Most vitamin C treatments involve oral administration of the drug. However, UI scientists have shown that intravenous administration of vitamin C - bypassing normal intestinal metabolism - creates blood levels that are 100 to 500 times higher than those provided by ingestion of vitamins. It is this ultra-high concentration in the blood that is critical to the ability of vitamin C to attack cancer cells.
Previous work by Iowa State University biologists has shown that at very high levels (in the millimolar range), vitamin C selectively destroys cancer cells without affecting normal cells in vitro or in mice. Doctors at the university hospital are currently conducting clinical trials of treatments for pancreatic and lung cancer that combine high doses of intravenous vitamin C with standard chemotherapy or radiation. The first trial results showed that this treatment is safe, well tolerated and improves the condition of patients. Currently, the main task of trials is to determine how much the survival rate of patients with such treatment improves.
In a new study recently published in the December issue of the journal Redox Biology, scientists have uncovered a mechanism by which high doses of vitamin C (also known as ascorbic acid) kill cancer cells.

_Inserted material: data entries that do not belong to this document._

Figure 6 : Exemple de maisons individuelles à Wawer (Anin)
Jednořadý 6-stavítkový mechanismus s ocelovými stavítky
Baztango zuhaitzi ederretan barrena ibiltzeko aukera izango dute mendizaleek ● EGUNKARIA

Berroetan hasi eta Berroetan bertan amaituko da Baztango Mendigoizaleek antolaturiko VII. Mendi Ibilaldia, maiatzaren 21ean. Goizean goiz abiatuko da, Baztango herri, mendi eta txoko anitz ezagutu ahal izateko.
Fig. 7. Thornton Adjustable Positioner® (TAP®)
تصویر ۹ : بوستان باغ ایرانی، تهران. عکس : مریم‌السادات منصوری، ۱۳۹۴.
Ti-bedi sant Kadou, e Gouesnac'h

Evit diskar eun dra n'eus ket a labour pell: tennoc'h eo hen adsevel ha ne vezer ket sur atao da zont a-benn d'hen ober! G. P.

It turned out that in the body, vitamin C is easily destroyed, creating hydrogen peroxide, which can damage tissues and DNA. But tumor cells are much less able to resist the effects of hydrogen peroxide than normal cells.

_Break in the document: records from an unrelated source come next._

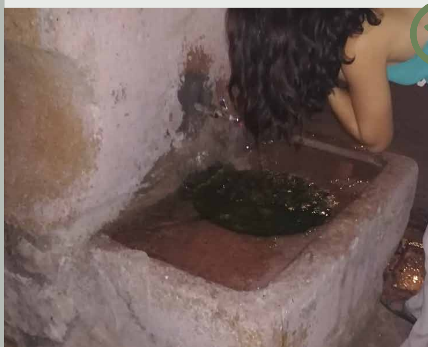
Fuente de abastecimiento con llave de paso en grifo y receptáculo para acumulación de agua accesible a la fauna.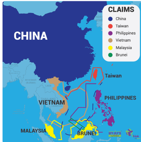
Gambar 2. 1 Peta Klaim Kepemilikan Wilayah Laut China Selatan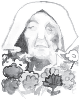
Oma Bé 1886-?

Normal cells have the ability to keep hydrogen peroxide levels low so that it cannot cause damage. The study shows that the enzyme catalase is central to reducing the level of hydrogen peroxide produced during the breakdown of vitamin C, and cells with less catalase activity were more susceptible to damage and death.
This important information can help determine which types of cancer and which treatments can be improved with high doses of ascorbic acid.
Thus, cancers with low catalase levels will be more responsive to high doses of vitamin C, while cancers with relatively high catalase levels may be the least responsive. The aim of new research is to develop methods for measuring the level of catalase in tumors.